While setting up Conditional Access, I had issues with getting my policies to report that they had indeed blocked or allowed any logins. I was skimming through my sign-in logs but could not see anything that applied to my account. Until this point, I had only managed existing Conditional Access environments and not set one up myself. I tweaked the policies I had and used Microsoft’s own templates, but nothing seemed to work. I started to think that the issue lay in faulty reporting when the policies were set to Report-only, so I set all my policies to the state “on.” After that didn’t work, I tinkered around a bit more before I saw the exclude tab. Thinking I finally found the culprit, I removed the exclusion of my account on all the policies and then refreshed my browser…

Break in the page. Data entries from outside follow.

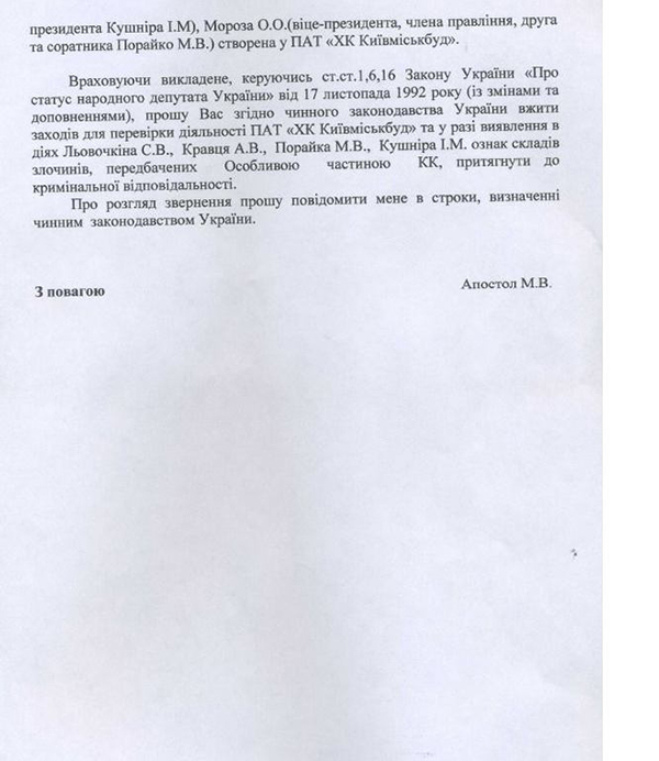 Учитывая все приведенные факты, Михаил Апостол просит Авакова принять меры для проверки деятельности «Киевгорстроя» и в случае подтверждения незаконных действий привлечь к ответственности Левочкина, Кравца, Порайко и Кушнира.
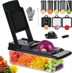 Una mandolina te ayuda a cortar verduras de manera uniforme y rápida, lo que es especialmente útil para hacer guarniciones y ensaladas. Las cuchillas intercambiables tienen diferentes formas y tamaños, te permiten cortar, cortar en cubos, rebanar, picar, juliana, picar frutas y verduras como cebolla, champiñones, pepinos, zanahorias, patatas, tomates, jengibre, ajo y más.
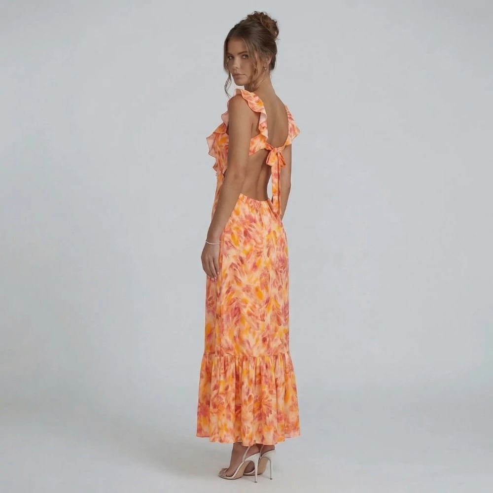 This maxi dress defines casual elegance with its playful tiered hem and stunning open-back design. The bold ruffle neckline frames you beautifully, while delicate back ties and side cutouts add a modern twist to its feminine vibe. Whether it’s a garden party, vacation strolls, or brunch plans, this dress floats with you, bringing color and movement to every step.
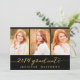 Moderne, moderne Fotokarte, die Ihre Familie und Freunde zur Abschlussfeier Ihrer Tochter einlädt. Einfache Sammlung| Einladung zur Graduierung für 2014. Design von Elke Clarke © Besuchen Sie unseren Shop www.zazzle.com/monogramgallery* für weitere Designs und Stile. Fügen Sie Ihr eigenes Foto und Text hinzu. Ein einfaches Schriftart-Texteüberlagern aus Goldfolie mit handgeschriebenen Schriftzeichen (gedruckter Foto-Effekt) mit den Worten "2014 Graduate" mit einem 3-Foto-Collage-Design.Ersetzen Sie Beispielprogramm durch eigenes Foto. Schwarz und Gold. Andere Stile und Farben verfügbar.
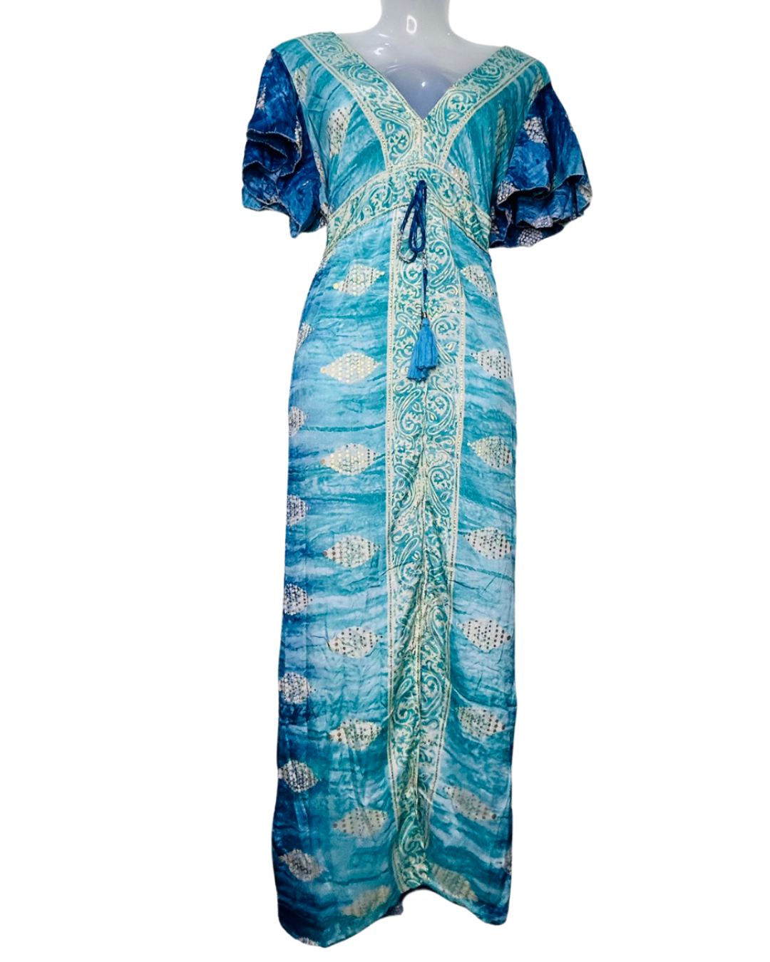 Float through your day in the effortless charm of our Silken Drift gown – made from feather-light soft silk that feels like a second skin. Designed for comfort and movement, it features slits in the front and on both sides, adding a touch of flair to your every step. Whether you're lounging, brunching, or vacationing, this gown is your go-to for laid-back luxury.
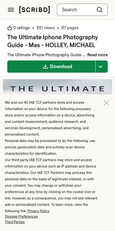 Specifically, you can find "The Ultimate iPhone Photography Guide" by Michael Holley here. The page shows a preview of the document, its description, and options to download or save it, giving you a solid look before you commit.
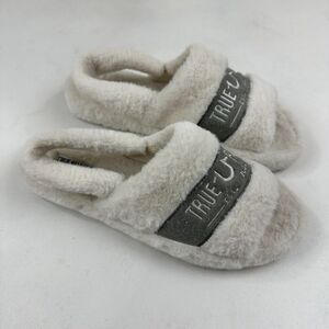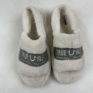 True Religion Plush Faux Fur Slide Slippers Sling Back Fuzzy Ivory XL 9.5-10.5
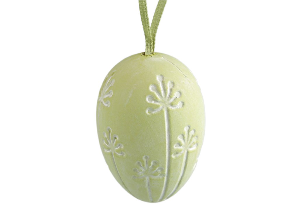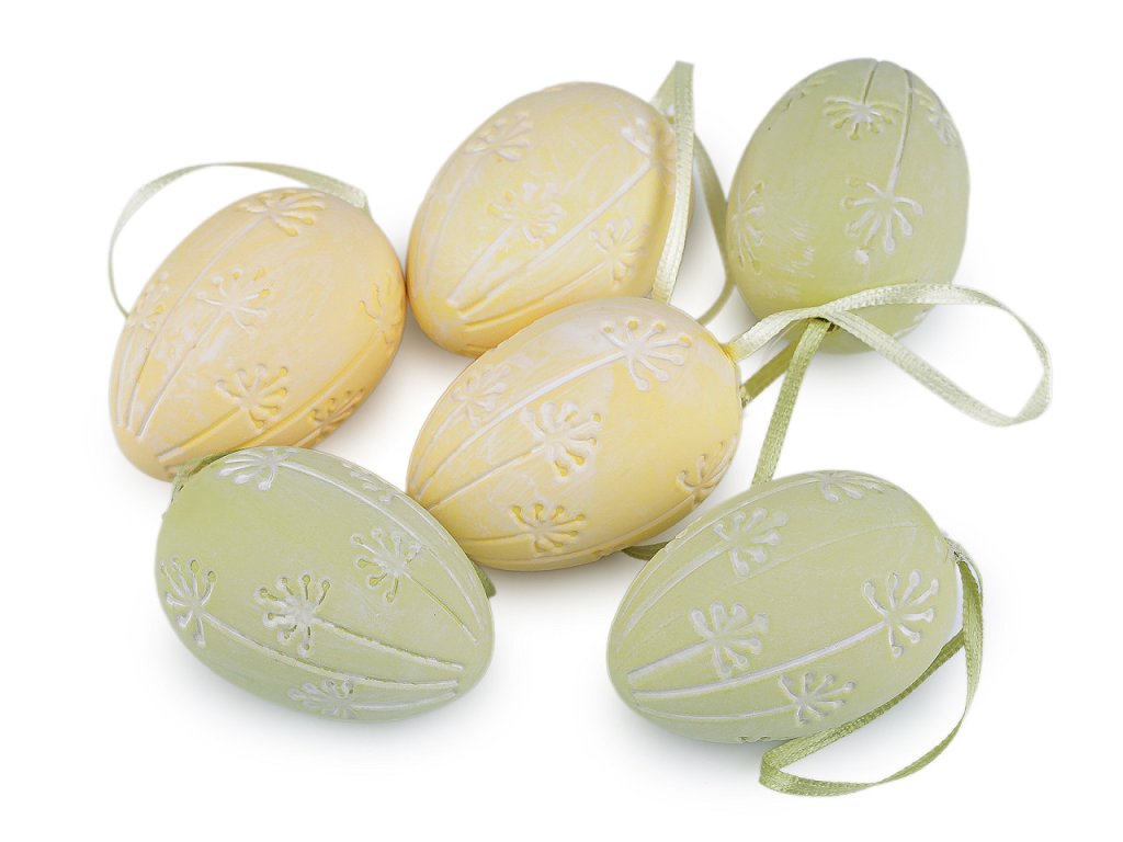 Velikonoční vajíčka s vyrytým motivem mají poutko pro snadné a rychlé zavěšení, což umožňuje jejich umístění na větvičky ve váze, věnce nebo do jarních aranžmá. Vajíčka dodají interiéru svěží a veselou atmosféru jara.
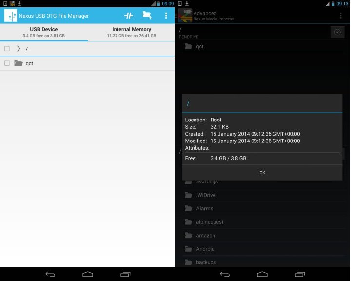 Thanks for your prompt reply. I have hooked up the USB stick via OTG, navigated to it using three different file managers to be sure the contents are accessible by the Nexus, but when I look for it in AQ I'm afraid I still don't see it. Attached is the AQ screen I see when the USB is connected. Am I looking in the wrong place or is there something else I need to do? Sorry to have to ask again. Thanks for your help.
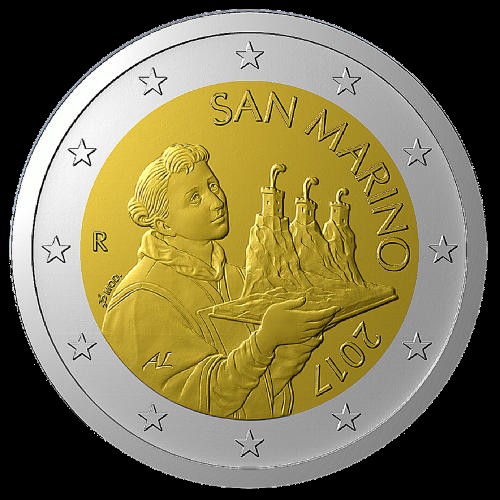 2-Euro-Münze: 2* in sechsfacher Wiederholung, abwechselnd von der

Here is a recreation of the error I got:
Consequences
As you can see, I had locked myself out of my tenant properly. Specifically, I had required that I log on from a domain or hybrid-joined device in my cloud-only environment. Effectively, I could not use any of my Microsoft services related to Entra ID. At the time, this was mostly affecting my management of Entra ID, Intune, and Azure as well as OneDrive and Outlook.
I am glad I was in a small tenant with just myself. If this had happened in a production environment or in an organization that relies on Entra ID to authenticate to more business-critical services, then this would be a disaster. My policies were scoped to all users and services, so everything that was integrated with Entra would be impacted and locked.
Some questions to consider
- Can you do business if you are locked out of your authentication platform?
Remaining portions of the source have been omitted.